COLLECTED DATA:
====

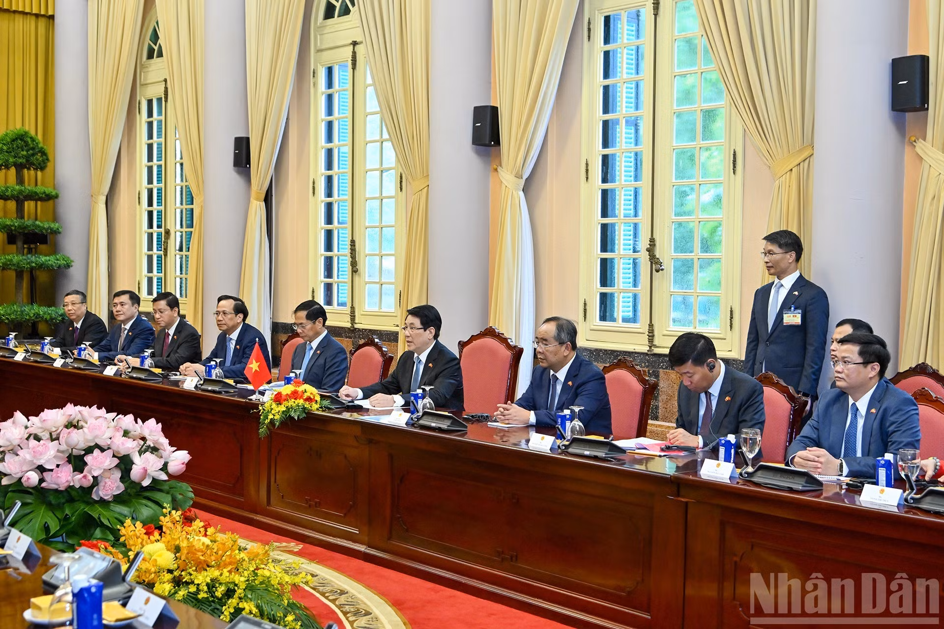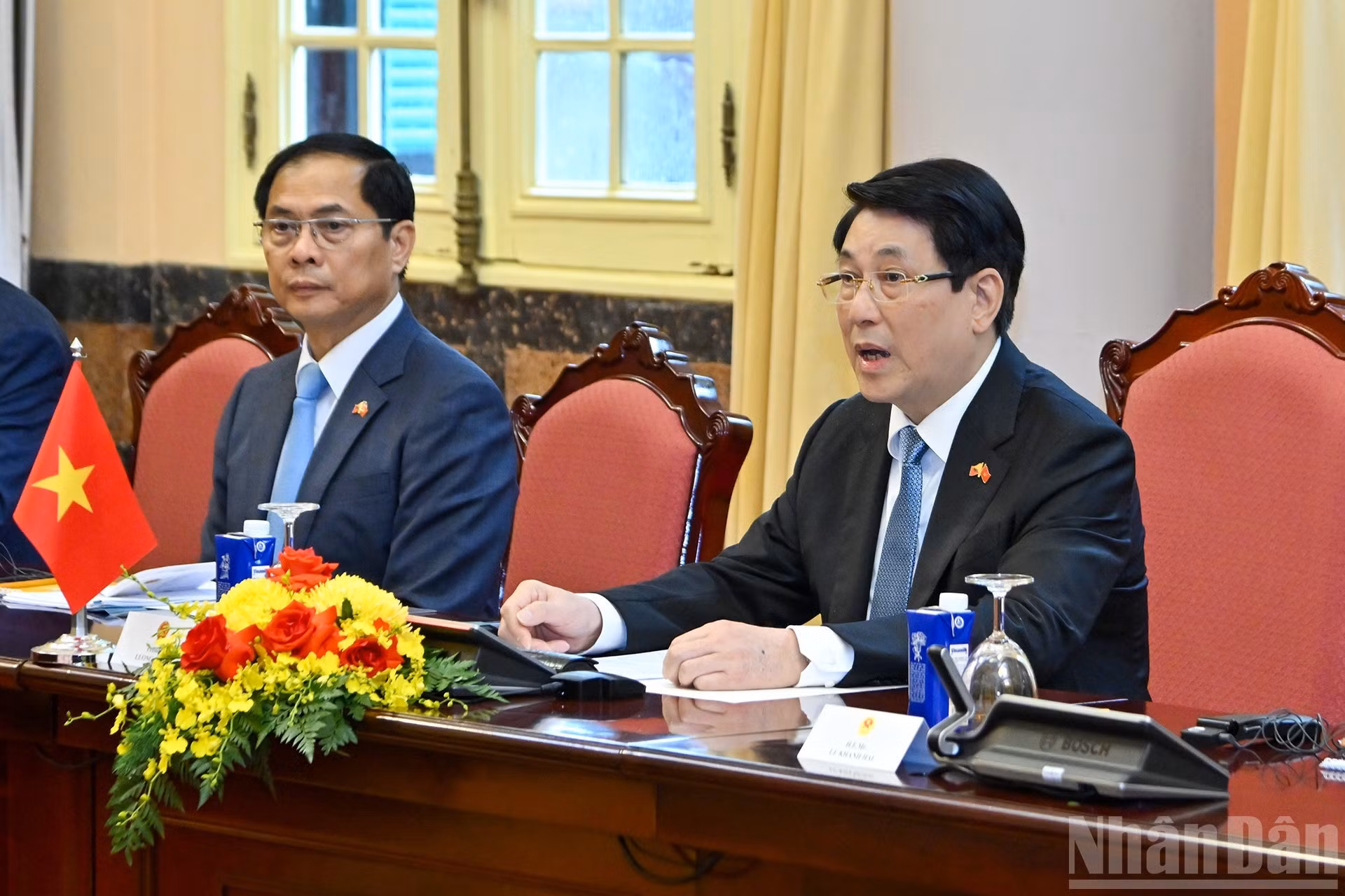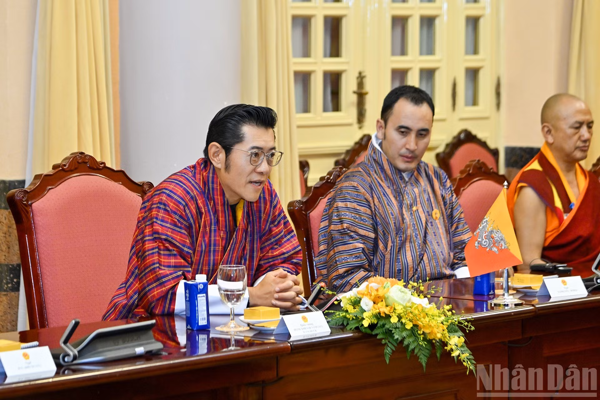 Tras las conversaciones, el presidente vietnamita, Luong Cuong, y el rey de Bután, Jigme Khesar Namgyel Wangchuck, presencian la ceremonia de intercambio de firmas de documentos de cooperación entre ambos países en diversas áreas.
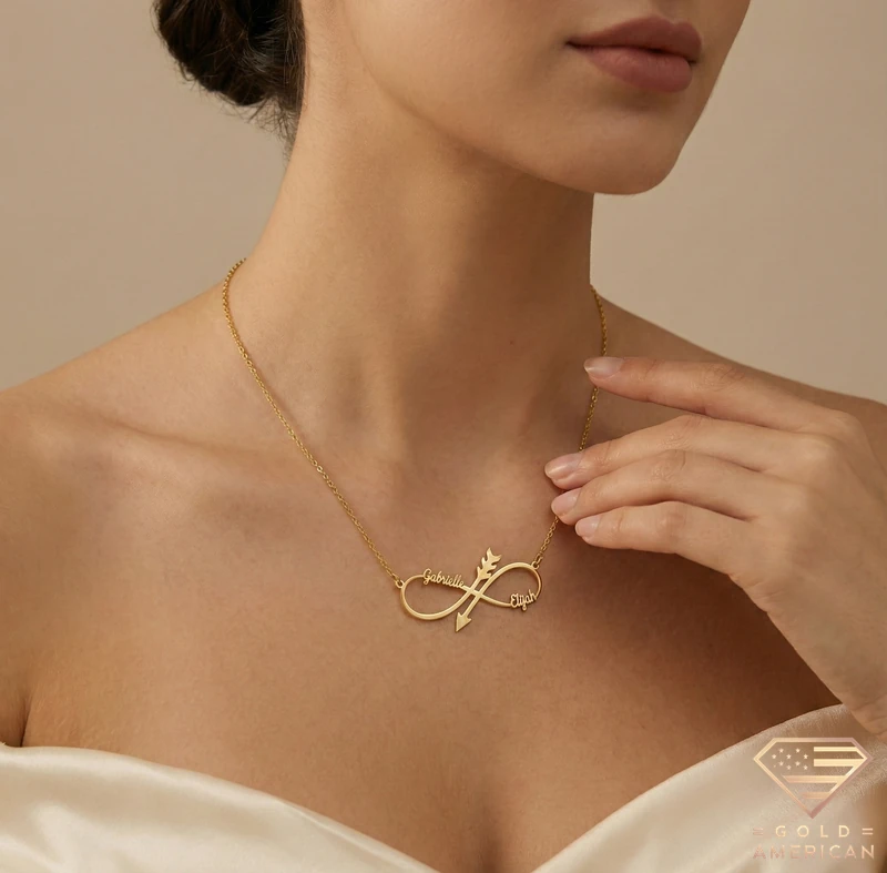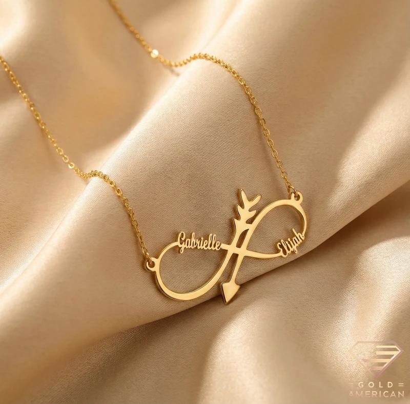 Infinity Arrow Custom Name Necklace, fully customizable, is a Buston-made piece available online, perfect as a gift to show love and commitment.
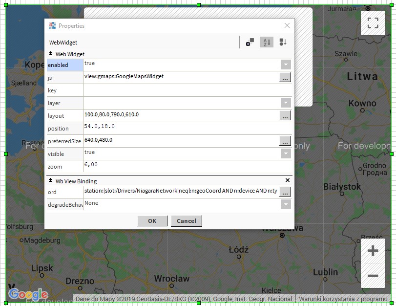 - Open the properties window of the Google widget and, in the key slot, enter the previously registered API key.

====

EXERCISE PROMPT:
Reproduce the data above verbatim, minus any images.

FINISHED EXERCISE:
 Tras las conversaciones, el presidente vietnamita, Luong Cuong, y el rey de Bután, Jigme Khesar Namgyel Wangchuck, presencian la ceremonia de intercambio de firmas de documentos de cooperación entre ambos países en diversas áreas.
 Infinity Arrow Custom Name Necklace, fully customizable, is a Buston-made piece available online, perfect as a gift to show love and commitment.
 - Open the properties window of the Google widget and, in the key slot, enter the previously registered API key.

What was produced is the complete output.